A third of PyPi software packages contains flaw to execute code when downloaded

Python programming code is seen on a computer screen. — Checkmarx published research Friday showing that approximately one-third of software packages from the Python Package Index (PyPi) are vulnerable to a design feature that allows an attacker execute code. (Image credit: traffic_analyzer via Getty)

Approximately one-third of software packages from the Python Package Index (PyPi) are vulnerable to a design feature that allows an attacker to automatically execute code when downloaded on a computer.

The findings, discovered by Checkmarx and published Friday, underscore how open source software repositories like PyPi are increasingly being targeted and leveraged by malicious actors. The company said that “a large number of the malicious packages we are finding in the wild use this feature of code execution upon installation to achieve higher infection rates.”

According to Tzachi Zorenshtain, head of supply chain security at Checkmarx, when developers install a software package from repositories like PyPi, most understand there’s also a risk of installing any malicious code that goes with it.

“When we actually examined the behavior and looked for new attack vectors, we discovered that if you download a malicious package — just download it — it will automatically run on your computer,” he told SC Media in an interview from Israel. “So we tried to understand why, because for us the word download doesn’t necessarily mean that the code will automatically run.”

But for PyPi, it does. The commands required for both processes run a script, called pip, executes another file called setup.py, that is designed to provide a data structure for the package manager to understand how to handle the package. That script and process is also composed of Python code that runs automatically, meaning an attacker can insert and execute that malicious code on the device of anyone who downloads it.

In fact, this specific vulnerability was called out as far back as 2014 on GitHub, but hasn’t been directly addressed because the flaw is more a feature of how software is frequently downloaded and installed from the repository than a bug and cannot be directly patched.

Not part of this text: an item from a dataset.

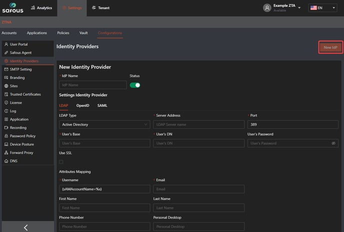 Go to Settings > ZTNA > Configurations > Identity Providers. Click New IdP, it will expand the form of IDP which you will need to configure.
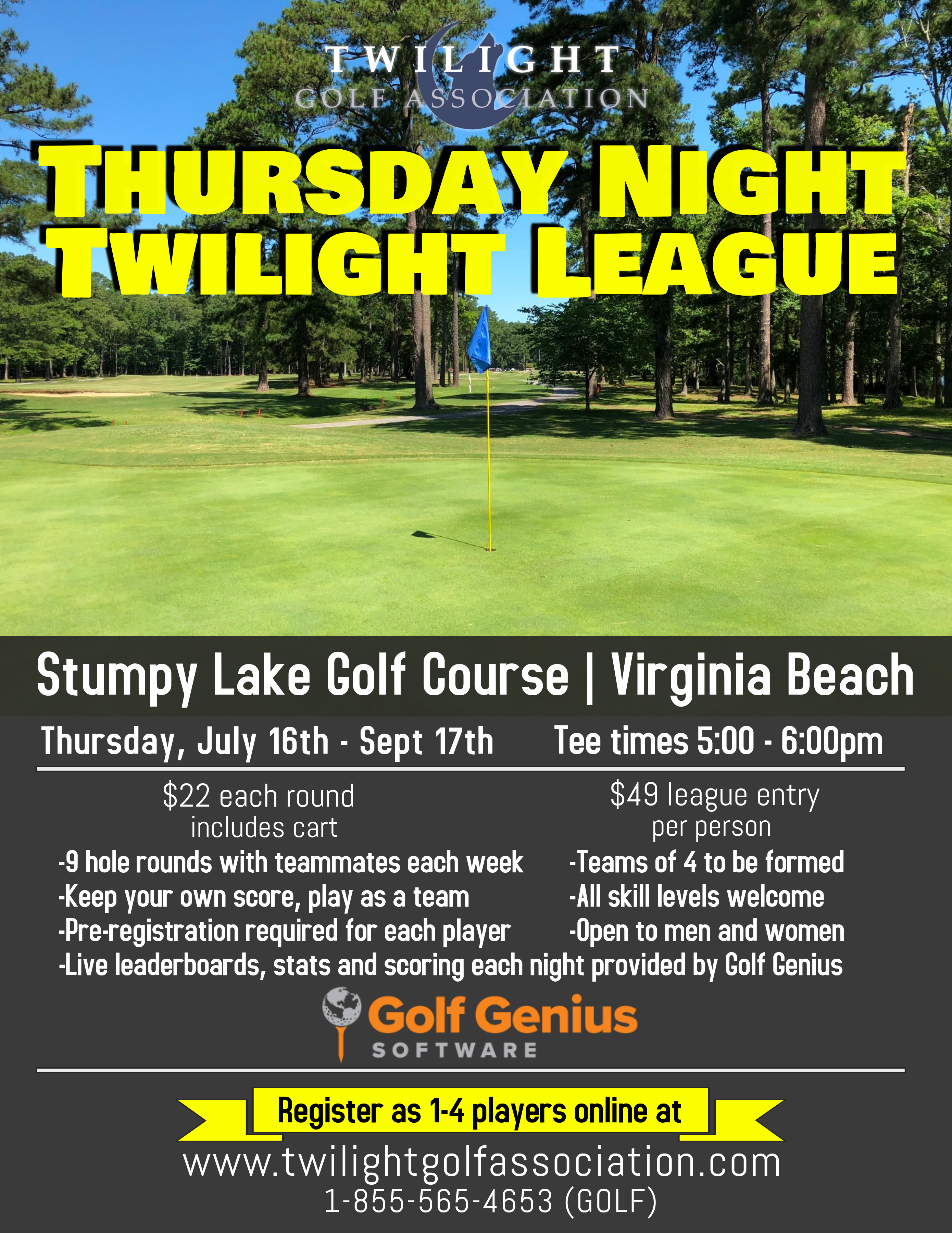 For more information, e-mail play@twilightgolfassociation.com or call 1-855-565-4653 (GOLF).

“It's an unfortunate fact of the Python packaging ecosystem that anything related to packaging always involves arbitrary code execution (referring to setup.py),” one GitHub user wrote in July 2014.

In recent years, PyPi has introduced a new wheel (.whl) file type that removes the need to run the setup.py command altogether, but for compatibility reasons they still allow contributors to choose their preferred format. That means that many packages on PyPi — up to a third, according to Checkmarx — still use the vulnerable tar.gz format, and obviously malicious actors would intentionally choose the older format in order to spread their malicious code.

There are other workarounds, such as downloading the package through your browser, that can avoid using the setup.py process altogether. Beyond that, Zorenshtain expects the vulnerability to be exploited in packages using the older file format for years to come.

“What is most alarming for us is this isn’t a vulnerability that’s going to be fixed easily,” said Zorenshtain, later adding “If we magically changed all the formats and everything is resubmitted and filed to the new format, then it would be easy to remove this behavior. We understand that this behavior will probably be with us for a little while, so at least [building] awareness is what was important to us.”

A request for comment and questions sent to the Python Software Foundation, which manages PyPi as a free community resource, were not returned at press time.